Hi all,
I have been learning linux and have a secondary monitor that I wanted to use for showing some sensor data. Currently I need to manually enter in three commands and then arrange my windows each time I want to look at (and start-up, etc). I am using the nethogs, inxi, and lm-sensors libraries:
sudo nethogs
watch -n1 "inxi -s"
watch -n1 "sensors | grep Tdie"
The end result looks something like this:
https://i.ibb.co/TgWXKSn/sensors.png
Is it possible/easy to script the opening of these three terminal windows and position them onto a specific monitor? Or is there a completely different better way to go about this?
Also, is there a way for me to custom arrange the data on the screen? Eg, could I put the sensors "Tdie" data into two columns and remove the "high = +70.0 C" info?
[Beyond this specific case, is there a general solution with, say, a directory containing a separate shell script for launching each program, with a master script that specifies terminal width/height as well as (x,y) coordinates? --Ed.]
(Score: 0) by Anonymous Coward on Thursday January 17 2019, @04:10AM (1 child)
It's usually better to stick to grep/awk pipes than use regex you don't understand.

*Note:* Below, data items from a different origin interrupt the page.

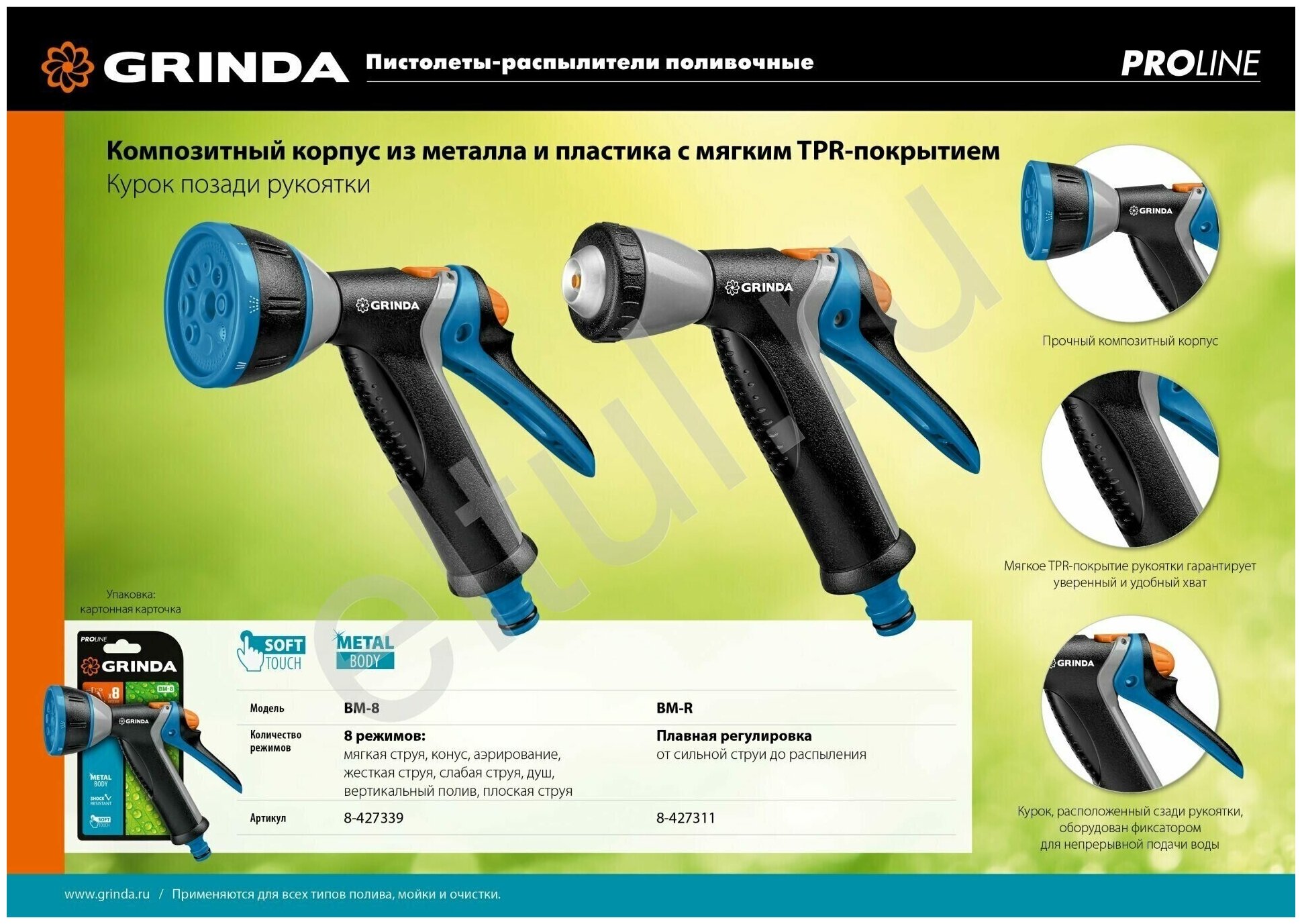 GRINDA BM-R, плавная регулировка, курок сзади, металлический с TPR, поливочный пистолет, PROLine (8-427311) информация:
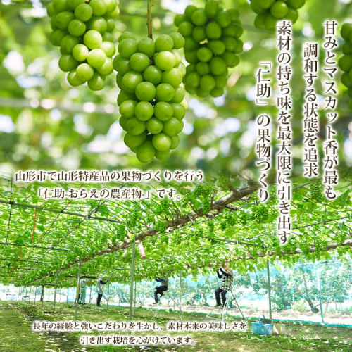 食べてくださる方の喜ぶ顔を思い浮かべながら、大切に育てた仁助のシャインマスカット。
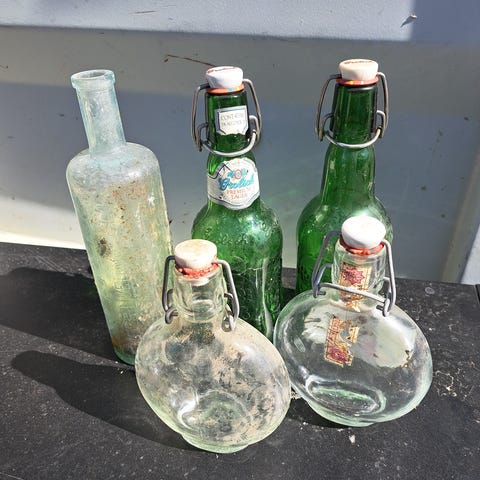 6 gamle flasker. Den grønne kan ikke stå, må lenes mot noe. Selges samlet.
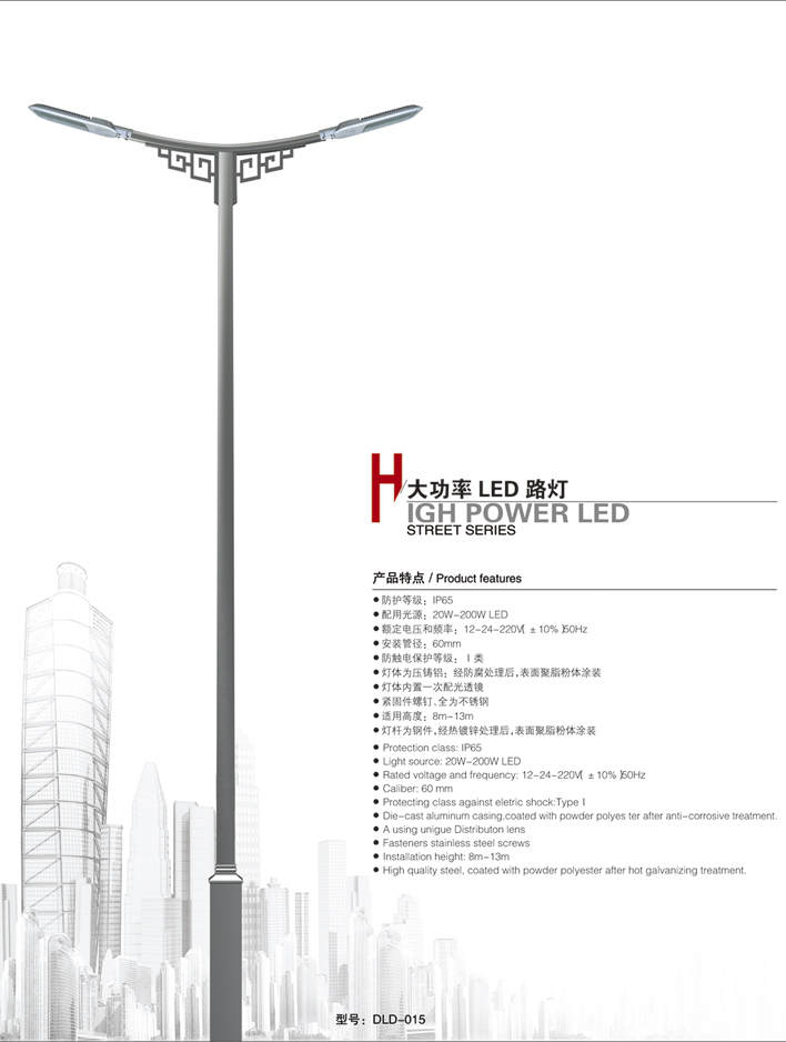 ● 燈桿為鋼件,經(jīng)熱鍍鋅處理后,表面聚脂粉體涂裝
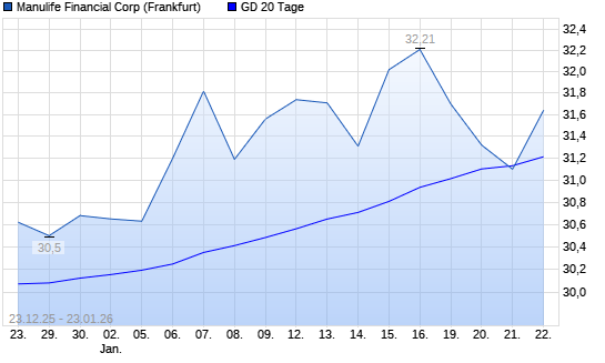 Mit dem Anstieg auf 31,64 EUR hat die Manulife Financial-Aktie am 22.01.2026 die 20-Tage-Linie nach oben gekreuzt.Die Manulife Financial-Aktie befindet sich seit dem 21.10.2025 im langfristigen ...weiterlesen

You might want to modify the script later, and spending hours figuring out something someone else wrote is infuriating.
cpucount=$(awk '/MHz/' /proc/cpuinfo | wc -l)
for cpu in $(seq 1 ${cpucount})
do
grep MHz /proc/cpuinfo | awk 'NR=='${cpu}'{print "CPU'${cpu}': " $4 " MHz"}'
done
[ac][~]:sh cpuinfo.sh
CPU1: 3782.316 MHz
CPU2: 3593.783 MHz
CPU3: 3596.303 MHz
CPU4: 3691.905 MHz
(Score: 2) by Farkus888 on Friday January 18 2019, @12:31AM
Spending hours figuring out your own regex years later isn't any better.